Material for this task:
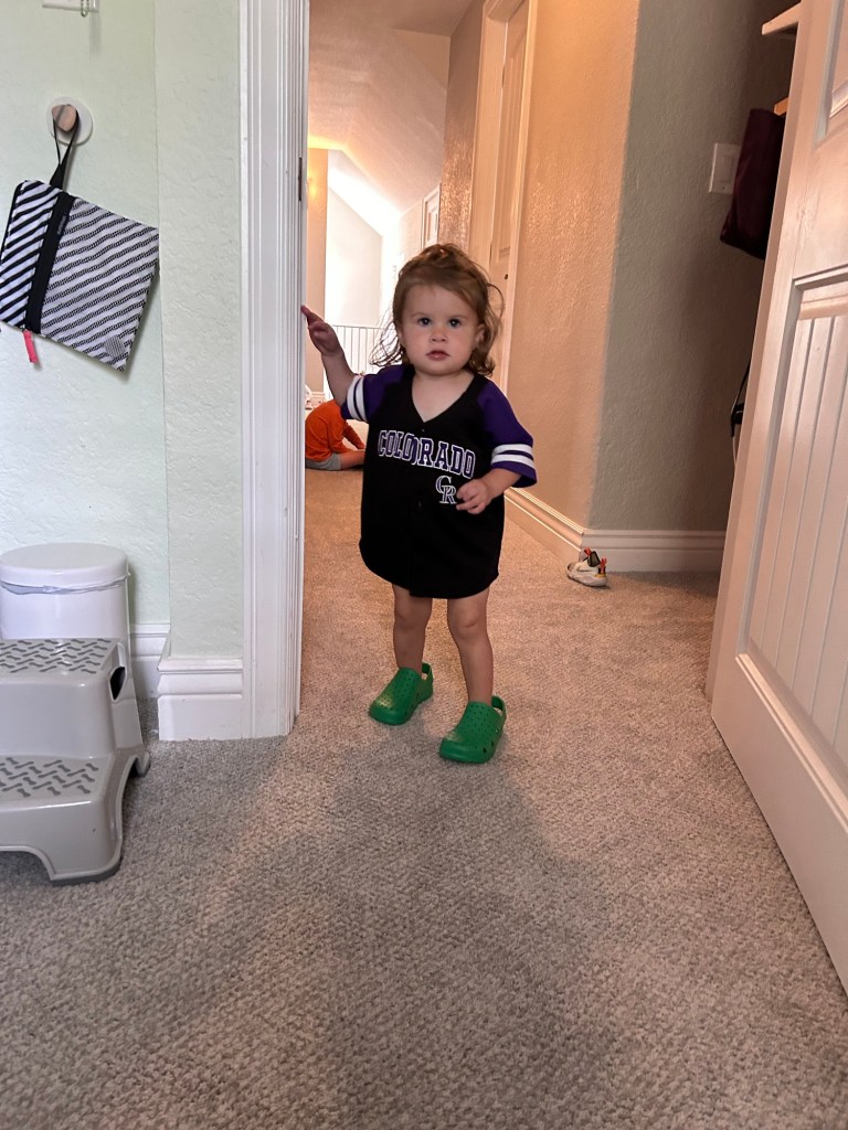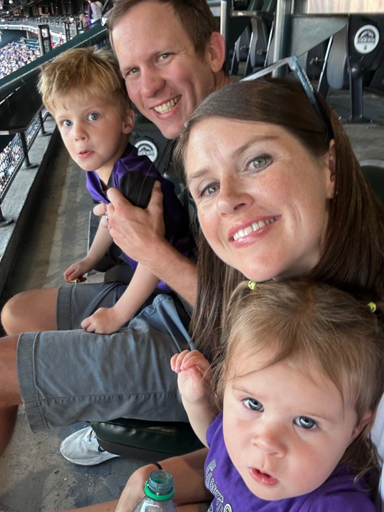 The Rockies had reached out and offered us seats inside of the suites and how could we say no?? It was really nice in there and I love how family friendly the organization feels. The staff is so good with the kids and made sure we knew Dinger would be coming to visit later on. We grabbed something to eat then went out to our seats, where I paid zero attention to the game but had a fun time anyway 💜 Dinger did come visit later on, accompanied by Grimace and The Hamburglar. Dempsey saw Grimace and said “I don’t wanna see that potato man!” 🤣🤣🤣 I thought Lydi might be scared but when we zoomed in on the picture later, we noticed she was holding Dinger’s hand 😍🥺 It also happened to be Todd Helton Weekend and they were doing a drone show tribute after the game. I didn’t know if I was up for staying till the very end of the game, plus the time it would take to walk down onto the field and back to the car but then Dempsey was SO EXCITED about it that, again, how could we say no?? He was beside himself getting to go down on the field again and clapped every time they set fireworks off. It was seriously the sweetest and I’m so glad we stayed. Got those babies home and in bed then got into bed ourselves. What a fun night!
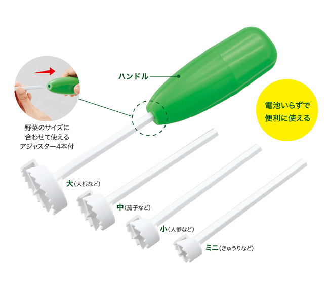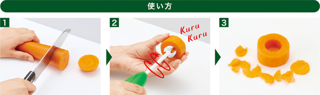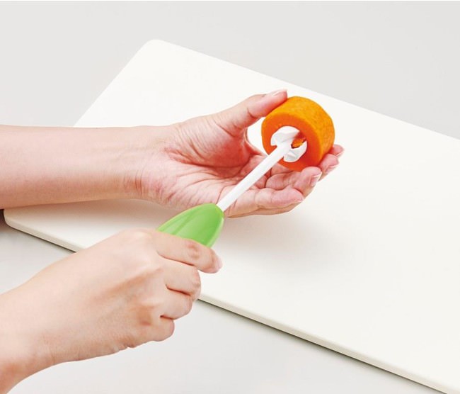 「ベジヌキちゃん」はくるくるまわすだけで、野菜の底を残したままくり抜けるので、映える肉詰め料理を簡単に作れるアイテムとなっております。
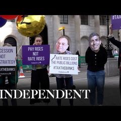 | Protesters gather outside Bank of England as interest rates rise for 14th time in... |
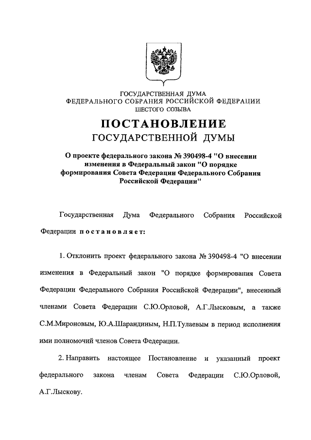 "О ПРОЕКТЕ ФЕДЕРАЛЬНОГО ЗАКОНА N 390498-4 "О ВНЕСЕНИИ ИЗМЕНЕНИЯ В ФЕДЕРАЛЬНЫЙ ЗАКОН "О ПОРЯДКЕ ФОРМИРОВАНИЯ СОВЕТА ФЕДЕРАЦИИ ФЕДЕРАЛЬНОГО СОБРАНИЯ РОССИЙСКОЙ ФЕДЕРАЦИИ"
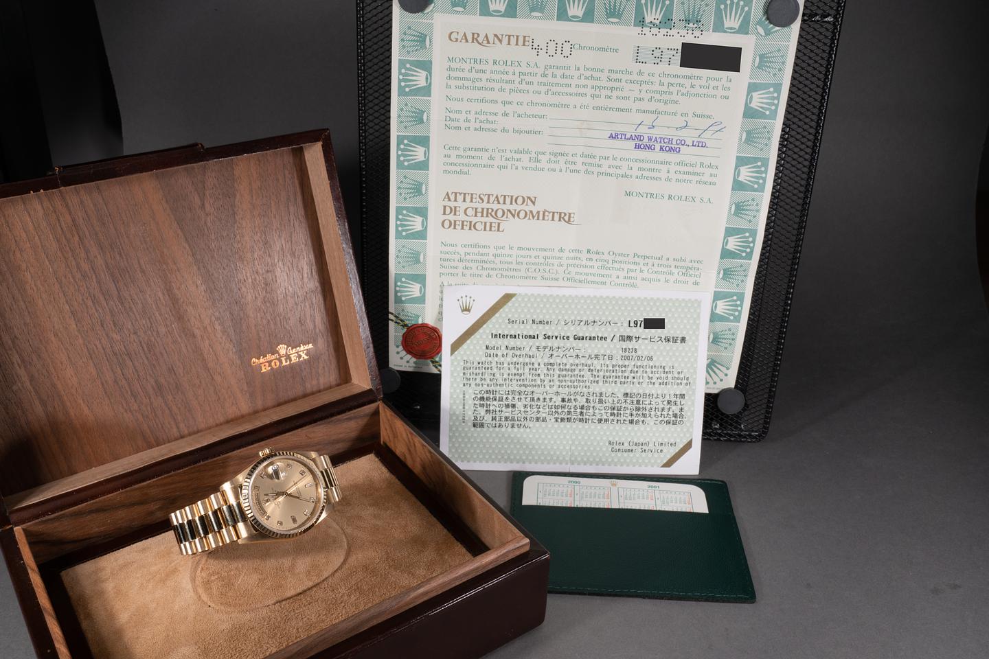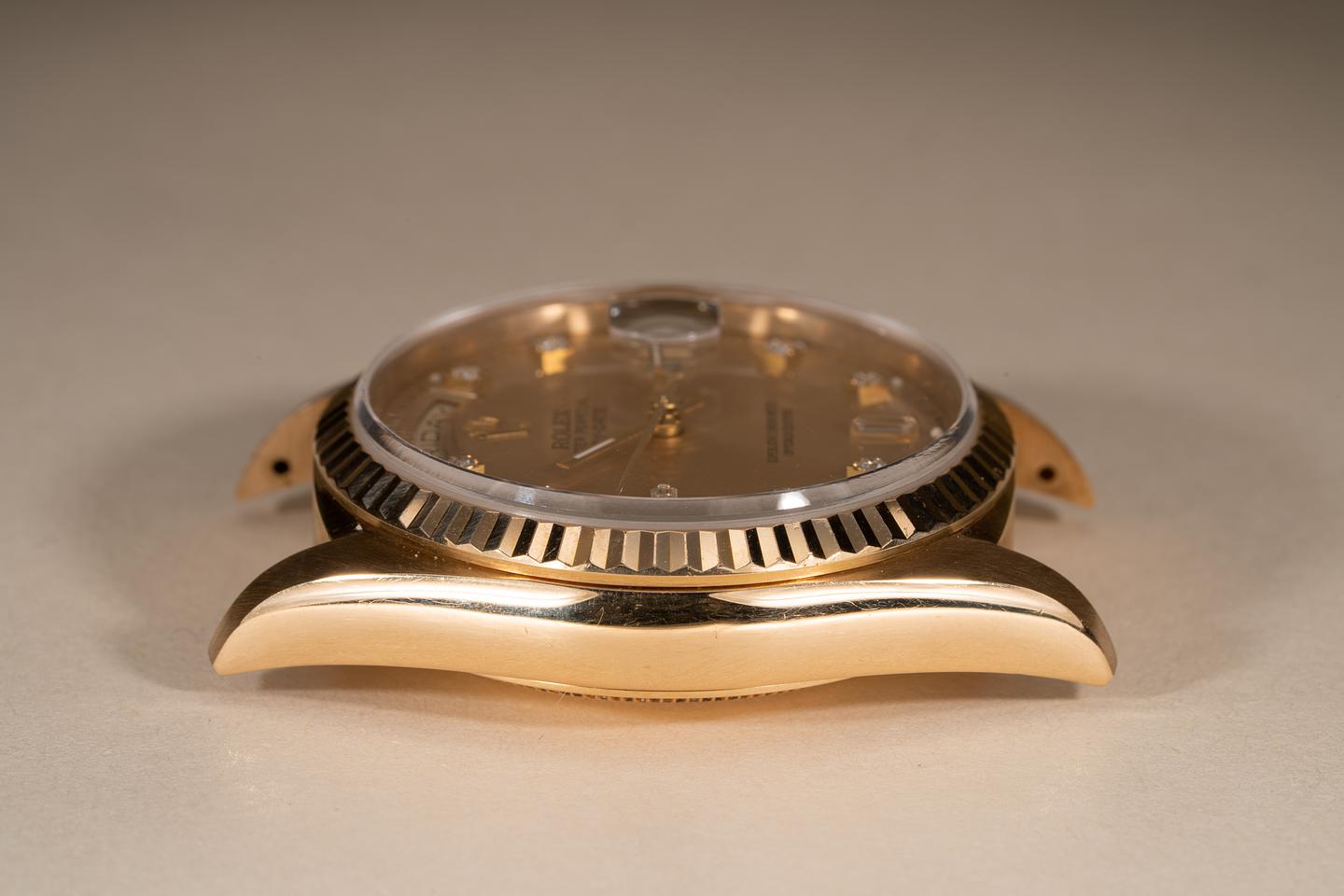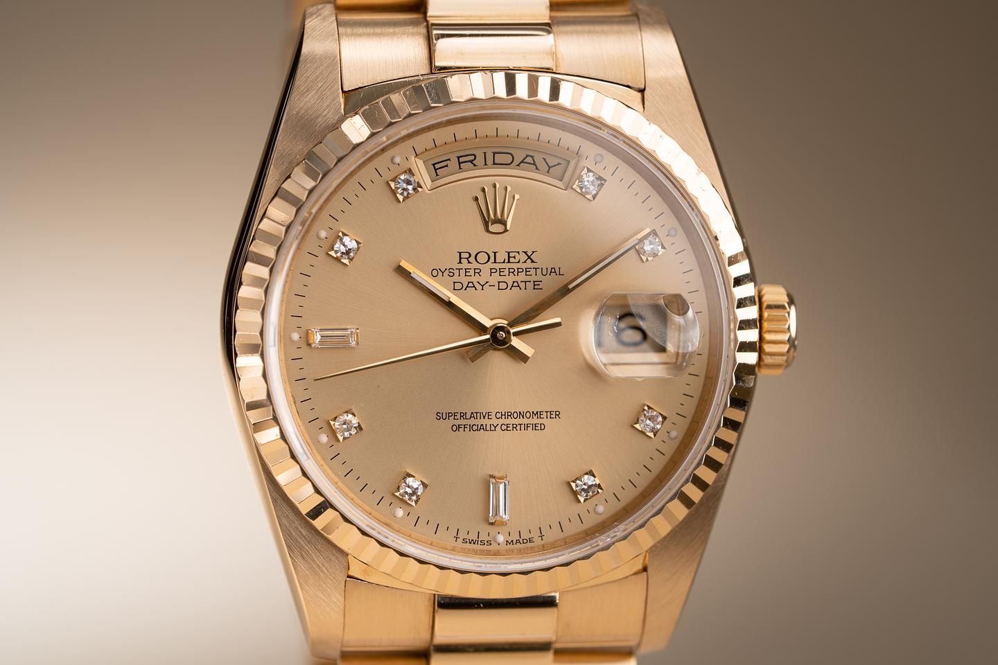 Bracelet: The 22 link 18k yellow gold President bracelet is excellent showing only light stretch for its age.

Instructions for the task: Above are the records; restate exactly the lines from the one containing "time in... |" through the one containing "ПРОЕКТЕ ФЕДЕРАЛЬНОГО ЗАКОНА", keeping pictures out.

Answer section:
 | Protesters gather outside Bank of England as interest rates rise for 14th time in... |
 "О ПРОЕКТЕ ФЕДЕРАЛЬНОГО ЗАКОНА N 390498-4 "О ВНЕСЕНИИ ИЗМЕНЕНИЯ В ФЕДЕРАЛЬНЫЙ ЗАКОН "О ПОРЯДКЕ ФОРМИРОВАНИЯ СОВЕТА ФЕДЕРАЦИИ ФЕДЕРАЛЬНОГО СОБРАНИЯ РОССИЙСКОЙ ФЕДЕРАЦИИ"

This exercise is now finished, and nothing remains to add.